What is the practicability of taking precautions - risk benefit analysis and a case that relates to it
The standard of care expected must strike a balance between protection for the claimant and not over-burdening the defendant. Some risk is normal, and the law is not aiming to create a risk-free environment.
Sometimes, the law requires risk assessments to be carried out before certain activities and if they are carried out properly it can show the employer has done all that is required.
Latimer v AEC (1953) – A factory suffered a flood which left the floor slippery. The defendant spread sawdust over the most used walkways (although not those less commonly used) and issued employees with warnings to be careful.
The claimant suffered an injury when he slipped in an area that had not been treated with sawdust. The claimant argued the defendant should have shut the factory completely, but it was felt that the extent of the risk and the likely injury did not justify this response. The precautions taken were reasonable in the circumstances.
These precautions was held reasonable therefore they were not liable.
What is skilful claimants and a case relating to it?
Roles v Nathan (1963
If a claimant has a particular skill which means he should be aware of any danger, the defendant will not be expected to take steps to protect the claimant from that danger.
Roles v Nathan (1963) – two chimney sweeps were overcome with fumes while attempting to seal a hole in a flue. The boiler was alight but should have been switched off when the work took place. It was held the defendant was not negligent. The sweeps should have known, given their experience, that the boiler should have been extinguished before work began.
What is the qualifications claimed by the defendants and the case relating to it?
Bolam v Friern Hospital Management Committee (1957)
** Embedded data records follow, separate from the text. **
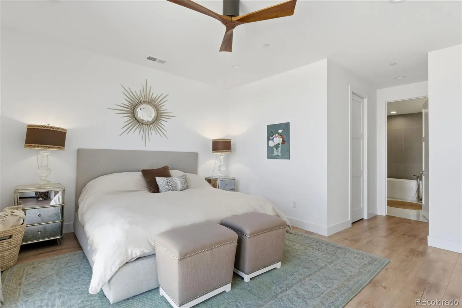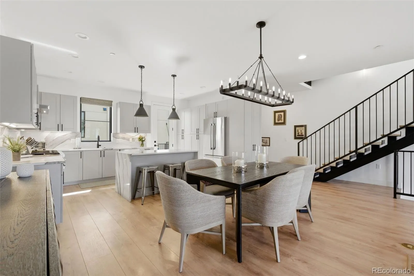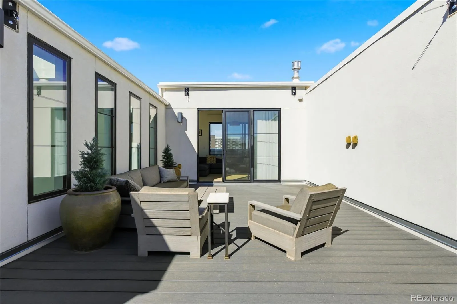 Spectacular Urban Row Home Located in One of Denver’s Hottest Neighborhoods! * Open Floor plan Drenched in Natural Light * Cook’s Kitchen with Inviting Center Island, Beautiful Quartz Countertops, Stainless Bosch and Thermador Appliances, Custom Cabinets and Pendant Lighting * Luxury Primary Suite with Spa Inspired Bathroom & Two Walk-in Closets * Both Secondary Bedrooms Offer En Suite Bathrooms * Bonus Loft Area Thoughtfully Connected to a Rooftop Outdoor Terrace on the Third Level – Perfect for Entertaining * Designer Finishes Throughout – Wide Plank Hardwood Floors, Sleek and Modern Open Riser Staircase w/ Iron Railings, Floor to Ceiling Tile Fireplace Surround, Custom Window Coverings and Light Fixtures * Secure Community with Private, Gated Access * 9th and Co. Redevelopment Offers Unparelleled Walkability – Short Stroll to Many Popular Restaurants, Boutique Shops, Trader Joes, AMC Movie Theatre, Community Dog Park, Padel Court. Close proximity to Rose Medical Center and National Jewish Hospital.
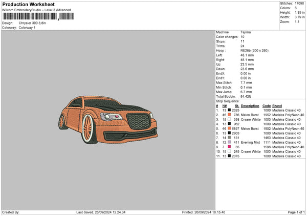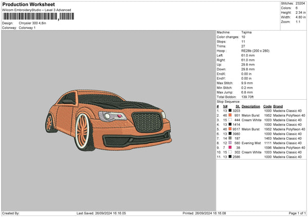 Car 2609a Embroidery File 6 sizes
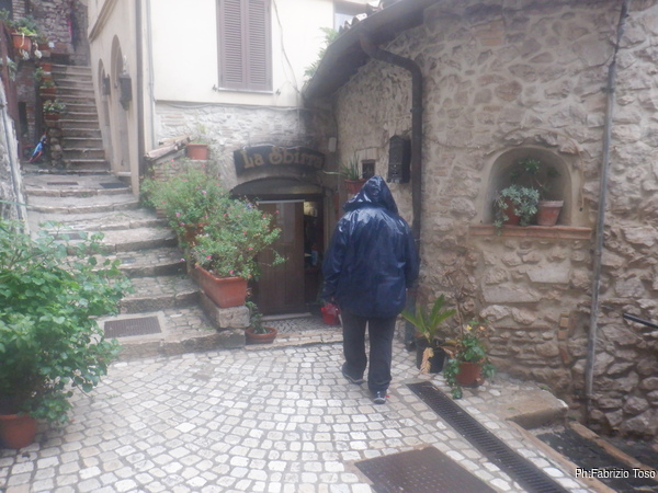 La pioggia continua a volerci impedire una bella passeggiata a tratti sembra diminuire ma basta uscire dalla macchina che lei riprende con rinnovata energia. Oramai siamo rassegnati e anzi iniziamo a pensare di andare a pranzo dai nostri amici Floriana e Luca, alla Sbirra.
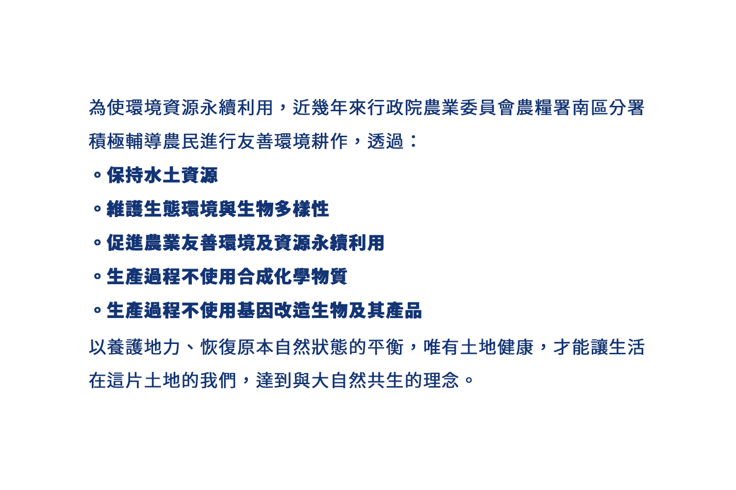 我們不任意開發土地,不使用化工農藥與肥料,讓作物無憂無慮的生長,一點一滴讓大地萬物藉由其原生的營養而成長,讓土地恢復自然的狀態,創造永續的生態環境。

If a defendant holds himself out as having a reasonable degree of skill and care i.e., because they hold qualifications in a certain area, they will be liable if they fail to act with that degree of skill and care.
Bolam v Friern Hospital Management Committee (1957) - the claimant sustained a fractured pelvis whilst undergoing electro-convulsive therapy (ECT) at the defendant’s hospital. He made three complaints (1)
the doctor had not warned him of the risks
(2) he had not been given relaxant drugs
(3) he had not been restrained during the treatment.
It was held that the doctor was not in breach of his duty because at the time, the way the treatment was administered, was accepted (just not by everyone).
McNair J stated: ‘A doctor is not guilty of negligence if he has acted in accordance with a practice accepted as proper by a responsible body of medical men skilled in that particular art.
What is good practice and the case relating to it?
Thompson v Smiths Ship Repairers Ltd (1984)
If a defendant complies with accepted and current good practice this may be evidence of acting within the relevant duty of care.
Thompson v Smiths Ship Repairers Ltd (1984) – the defendant employer did not provide ear protectors to their employees. This was held not to amount to a failure to take reasonable care until they had been alerted to ensure the workers used them via a government circular.
What is unhappy outcomes and a case relating to it?
Luxmoore May v Messenger May Bakers (1990)
Even though all reasonable care has been taken, the claimant may still suffer damage. Proof of damage to the claimant does not necessarily prove the defendant failed to take reasonable care.
Luxmoore May v Messenger May Bakers (1990) – the defendants were auctioneers who failed to correctly value two paintings owned by the claimant. As a result, the claimant lost money when they were sold. It was held the claimants had failed to prove that the defendants had acted without reasonable care i.e., a competent valuer could have made the same mistake.